Consequently, even semantically coherent decisions from an LLM may induce unacceptable system-level risk when deployed in physical traffic loops. This tension cannot be resolved by scaling models or data but necessitates hybrid architectures with intermediate physical modeling and verification layers. Based on our four-level integration framework, Figure 12 summarizes the resulting capability bottlenecks, and Table 15 analyzes specific failure modes through this entropy-mismatch lens. The following subsections detail these limitations per integration level.
Figure 12.
Capability bottlenecks and applicability boundaries of LLMs.
Table 15.
Failure Modes of LLM-Enabled Traffic Systems.

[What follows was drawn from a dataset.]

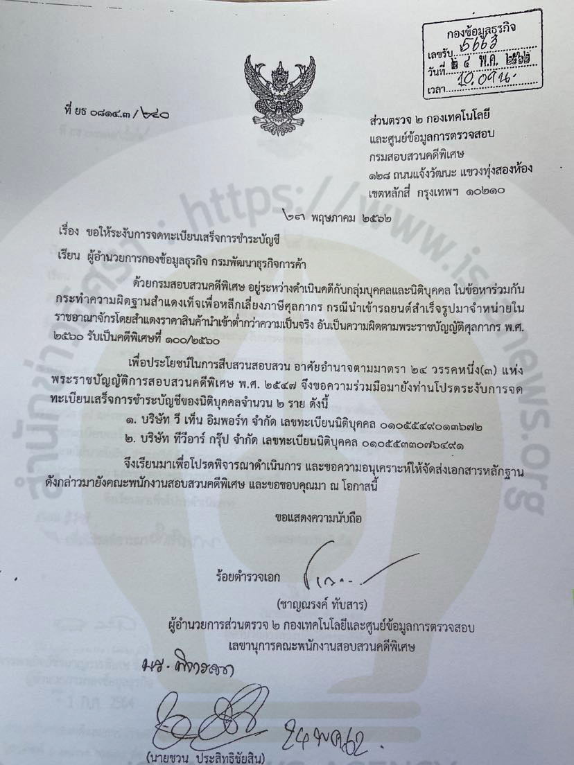 จากการตรวจสอบพบว่า กรมสอบสวนคดีพิเศษ ส่งหนังสือ ขอให้ กรมพัฒนาธุรกิจค้า ระงับการจดทะเบียนเสร็จการชำระบัญชี บริษัท ทีวีอาร์ กรุ๊ป จำกัด ครั้งแรกวันที่ 23 พ.ค.2562 – วันที่ 28 มิ.ย.2564 รวม 6 ครั้ง

5.1.1. Entropy Mismatch Between Discrete Semantic Spaces and Continuous Physical States
At the representation integration layer, a fundamental limitation arises from an inherent entropy mismatch between discrete semantic representations and continuous physical state spaces. Large language models operate by learning probability distributions over discrete tokens, whereas traffic systems evolve in continuous space governed by physical laws, kinematic constraints, and conservation principles [2,3,4,19,20,38,39,40,41,46,47,48,49]. This representational asymmetry creates a structural tension: while LLMs are highly effective at reducing semantic uncertainty, they lack mechanisms to preserve, reconstruct, or bound physically grounded state entropy.

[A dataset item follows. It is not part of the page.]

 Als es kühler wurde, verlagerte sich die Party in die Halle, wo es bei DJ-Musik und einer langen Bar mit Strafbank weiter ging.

This mismatch manifests consistently across different representation integration pathways. In pure text-based analysis, LLMs excel at compressing high-entropy, unstructured descriptions, such as accident reports or incident narratives, into coherent semantic summaries. However, this compression is inherently lossy with respect to physical entropy. Precise numerical quantities, including vehicle speed, density, headway, or impact geometry, cannot be reliably reconstructed from linguistic representations alone [36,44,45]. As a result, reductions in semantic entropy occur independently of, and often at the expense of, physical-state fidelity.
In text–visual fusion settings, multimodal LLMs primarily extract categorical labels, relational semantics, and scene-level descriptions. While such representations significantly reduce semantic ambiguity, metric uncertainty remains largely unresolved, limiting applicability in safety-critical perception tasks that require precise distance, velocity, or time-to-collision estimates [2,4,20,46,47]. The entropy reduction achieved here is therefore semantic rather than physical, reflecting abstraction rather than state estimation.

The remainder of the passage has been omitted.